Dostoevsky's Derrida

Nina Pelikan Straus


Geoffrey Bennington and Jacques Derrida, Jacques Derrida (Chicago: University of Chicago Press, 1993), 422 pp.
Jacques Derrida, Specters of Marx: The State of the Debt, the Work of Mourning, and the New International, trans. Peggy Kamuf (New York: Routledge, 1994), 198 pp.

 

We have come through a long and bloody century, and something new is stirring everywhere.

—Václav Havel, quoted in Michael Novak, The Most Religious Century

"I am addressing myself here to God, the only one I take as a witness, without yet knowing what these sublime words mean, and this grammar, and to, and witness, and take, take god. . . ." So remarks Jacques Derrida in "Circumfession" about his recent conversion to "the impossible." 1 Derrida has completed one circuit [End Page 555] in the long history of faith's struggle with skepticism, and the text in which he has done so has not been regarded as adequately momentous.

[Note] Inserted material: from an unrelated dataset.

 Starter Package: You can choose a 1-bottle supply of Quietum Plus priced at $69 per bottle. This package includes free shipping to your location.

The consequences of his confrontation with "God" and ethics will probably affect literary criticism as it brings deconstruction closer to (Mikhail Bakhtin's) dialogism. Whether permanent or transient, Derrida's return points to future rereadings of novels, such as Dostoevsky's, that represent the fate of the hero within the history of that struggle. Here, as in Memoirs of the Blind and Specters of Marx, Derrida of all people inscribes himself into a long tradition of Western thinkers and literary figures whose careers evince the classical developmental pattern of skepticism leading to affirmation and faith.

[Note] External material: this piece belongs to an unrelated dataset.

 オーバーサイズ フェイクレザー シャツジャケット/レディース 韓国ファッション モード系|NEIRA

Derrida's evocation of this tradition includes references to ancients such as Abraham, Elijah, and Augustine, as well as to the moderns Kierkegaard and Levinas. In keeping with the truism that there is no authority on the interpretation of an author like the author himself, Derrida's readers will find instruction in these examples. But this truism has received no greater challenge than from Derrida's own maxim that the meaning of any text or interpretation needs to be sought, paradoxically, in what it excludes. Among the many candidates for Derrida's canon of conversion whose absent presence is particularly noticeable is an author who gave modern literature a memorable example of the "unfinalized" or impossible faith that Derrida himself articulates:

If somebody proved to me that Christ was outside truth, and it really were so that the truth were outside of Christ, then I would rather remain with Christ than with the truth. 2

Nothing in Derrida's work acknowledges Dostoevsky's critique of nihilism (in Demons), nor his followers' linking of Bakhtin's version of Dostoevsky's "dialogic discourse" to deconstructive theory through Saussure. But there are deep philosophical connections between Dostoevsky and Derrida involving their shared Kantian sensitivity to questions of proof and the links to each through Nietzsche—a general reverence, in other words, for life's darker undecidabilities. What Bakhtin underscores as expressing the "dialogic model" of Dostoevsky's world, where "every thought and every life merges in the open-ended dialogue," accords precisely with Derrida's need in "Circumfession" for a "witness" (Michael Bennington) for his dialogue with "G" (God). Ivan Karamazov went mad from indecision about faith in God, but postmoderns have supposedly fared better. They have been helped by reading Dostoevsky through Bakhtin's claim that "every essential aspect of [Dostoevsky's narration] lies at a point of intersection [End Page 556] of multiple voices, at a point where they abruptly, agonizingly interrupt one another." In Bakhtin's view, Dostoevsky wrote about Jesus or God as a mere "participant in this dialogue (and its organizer)." 3 Derrida has even more cunningly mastered this rhetoric of undecidability. Dostoevsky's characteristically polyphonic, double-voiced diction ("even if the truth were outside Christ") is echoed in Derrida's "perhaps even" in a passage where Derrida commits himself to a mystical messianism:

What remains irreducible to any deconstruction is, perhaps, a certain experience of the emancipatory promise; it is perhaps even the formality of a structural messianism, a messianism without religion, even a messianic without messianism, an idea of justice. 4...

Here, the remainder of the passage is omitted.